> EXERCISE DESCRIPTION: Transcribe these records exactly, dropping every picture.

Extracted records:
- - - -
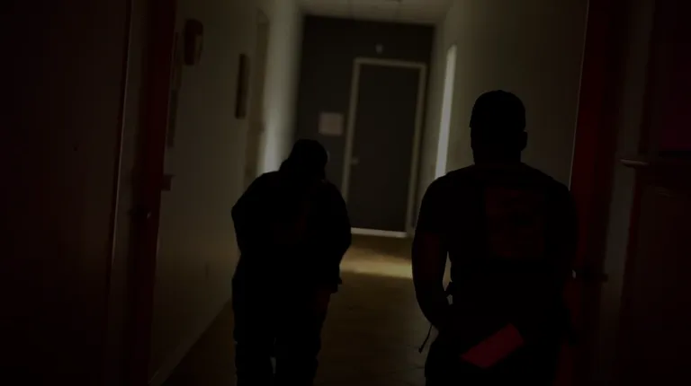 Interactive spy mission with live actors guarding the hallways, using laser guns to protect the area.
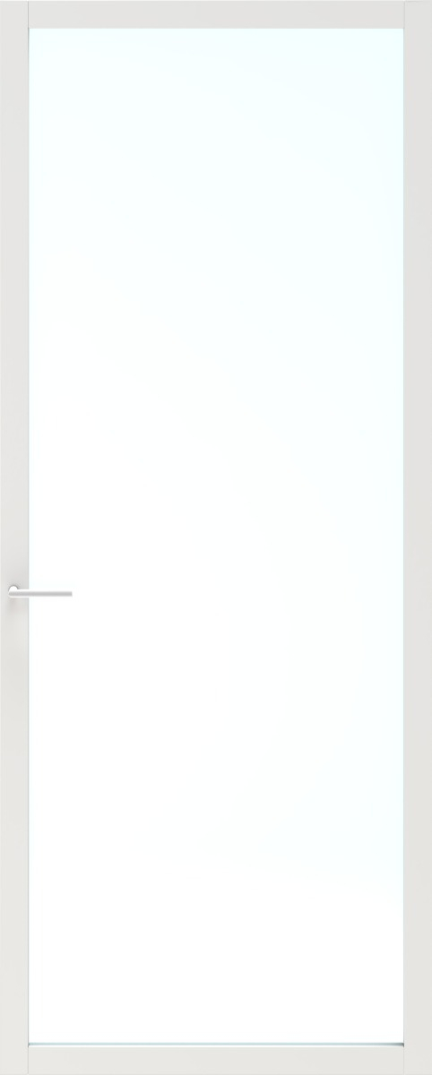 Het blanke glas laat veel daglicht door en zorgt voor zicht tussen ruimtes. Dat maakt deze deur geschikt voor plekken zoals de woonkamer, keuken of een thuiskantoor. Je behoudt een open gevoel, terwijl de ruimtes toch van elkaar gescheiden zijn.
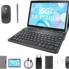 EagleSoar Tablet 10 Pulgadas Android 12, Tablet PC con 64GB ROM y 512GB TF, Cámara Dual, 2.4G/5G WiFi, Bluetooth 4.2, Tablet con Teclado, Mouse inalámbrico, Bolígrafo, Funda para Tablet
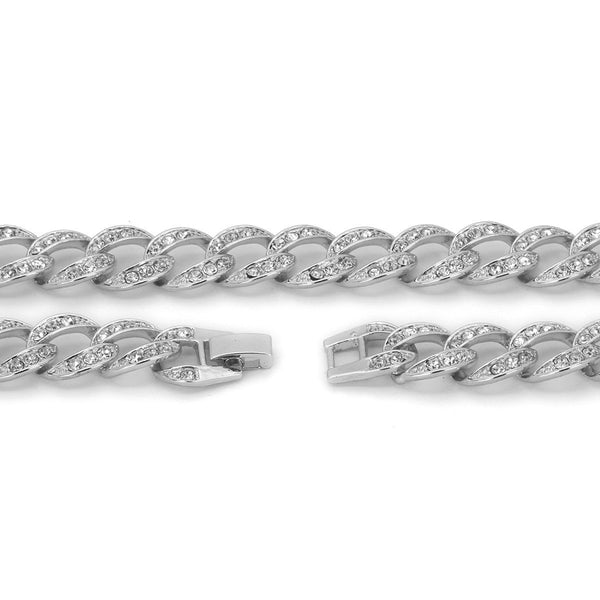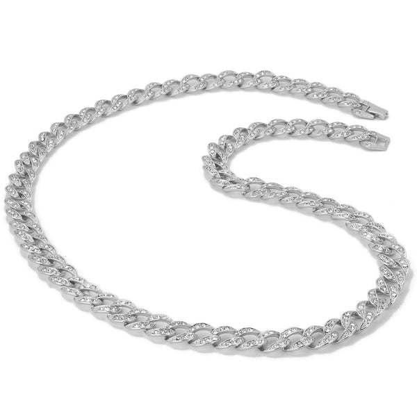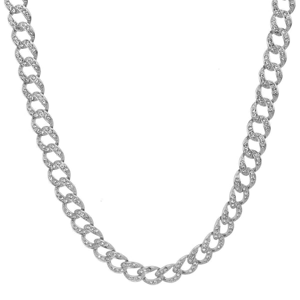 Elegant Cuban Silver Plated Iced Out Necklace.  High-impact Silver Plating over Brass. Lustrous Cz Finish in front of every link. Carefully interlocked links that create a beautiful drape Strong Snap Lock ensures that...
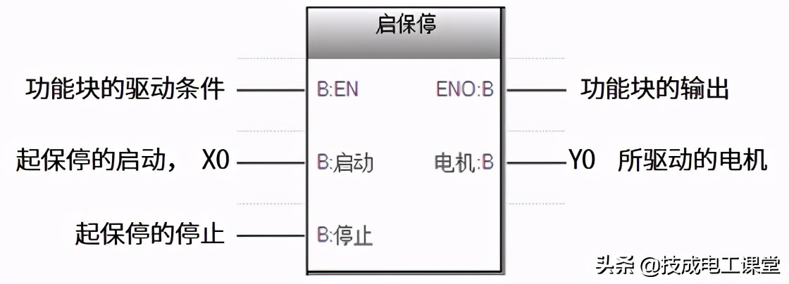 例如电机的起保停程序,我们可以把整个起保停程序打包成一个功能块,如下图27-2所示,该功能块的输入输出、起保停的启动、停止和电机都以标签的形式定义,直到被调用时再由用户指定具体的软元件,如起保停的启动用“X0”、电机用“Y0”等。  图27-2
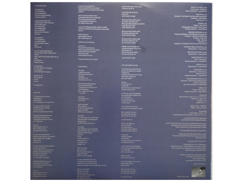 A2 Fastlove 5:24Engineer – Ren SwanKeyboards – Dave Clews, George Michael, Jon DouglasProducer – Jon DouglasSaxophone – Andrew Hamilton*
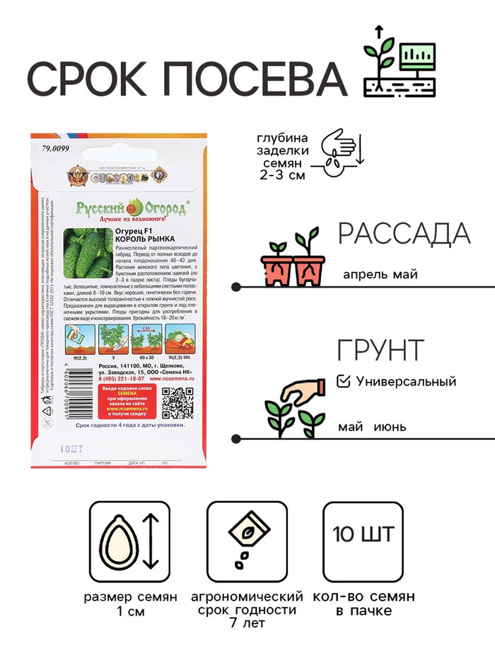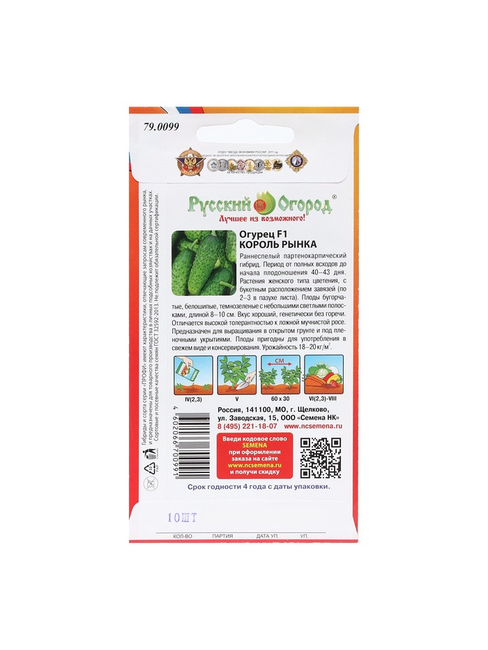 Раннеспелый партенокарпический гибрид для открытого грунта и пленочных укрытий. Растения женского типа цветения, с букетным расположением завязей (по 2-3 в пазухе листа). Плоды бугорчатые, белошипые, длиной 8-10 см, пригодны для употребления в свежем виде и консервирования. Толерантен к ложной мучнистой росе.
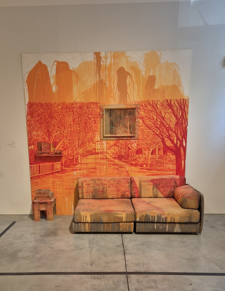 מוראות השבעה באוקטובר מופיעים בחלק מהציורים כעדות – התערוכה מעלה יצירות שחולצו מהסטודיו. קליעי הירי שירו המחבלים פלחו את החלונות וחוררו את העבודות. בתערוכה מוצגות שלוש סדרות של ציורים שנעשו בזמנים נבדלים: הסדרה האדומה, הסדרה הכתומה והסדרה הכחולה.
- - - -
> SOLUTION TO THIS TASK:
 Interactive spy mission with live actors guarding the hallways, using laser guns to protect the area.
 Het blanke glas laat veel daglicht door en zorgt voor zicht tussen ruimtes. Dat maakt deze deur geschikt voor plekken zoals de woonkamer, keuken of een thuiskantoor. Je behoudt een open gevoel, terwijl de ruimtes toch van elkaar gescheiden zijn.
 EagleSoar Tablet 10 Pulgadas Android 12, Tablet PC con 64GB ROM y 512GB TF, Cámara Dual, 2.4G/5G WiFi, Bluetooth 4.2, Tablet con Teclado, Mouse inalámbrico, Bolígrafo, Funda para Tablet
 Elegant Cuban Silver Plated Iced Out Necklace.  High-impact Silver Plating over Brass. Lustrous Cz Finish in front of every link. Carefully interlocked links that create a beautiful drape Strong Snap Lock ensures that...
 例如电机的起保停程序,我们可以把整个起保停程序打包成一个功能块,如下图27-2所示,该功能块的输入输出、起保停的启动、停止和电机都以标签的形式定义,直到被调用时再由用户指定具体的软元件,如起保停的启动用“X0”、电机用“Y0”等。  图27-2
 A2 Fastlove 5:24Engineer – Ren SwanKeyboards – Dave Clews, George Michael, Jon DouglasProducer – Jon DouglasSaxophone – Andrew Hamilton*
 Раннеспелый партенокарпический гибрид для открытого грунта и пленочных укрытий. Растения женского типа цветения, с букетным расположением завязей (по 2-3 в пазухе листа). Плоды бугорчатые, белошипые, длиной 8-10 см, пригодны для употребления в свежем виде и консервирования. Толерантен к ложной мучнистой росе.
 מוראות השבעה באוקטובר מופיעים בחלק מהציורים כעדות – התערוכה מעלה יצירות שחולצו מהסטודיו. קליעי הירי שירו המחבלים פלחו את החלונות וחוררו את העבודות. בתערוכה מוצגות שלוש סדרות של ציורים שנעשו בזמנים נבדלים: הסדרה האדומה, הסדרה הכתומה והסדרה הכחולה.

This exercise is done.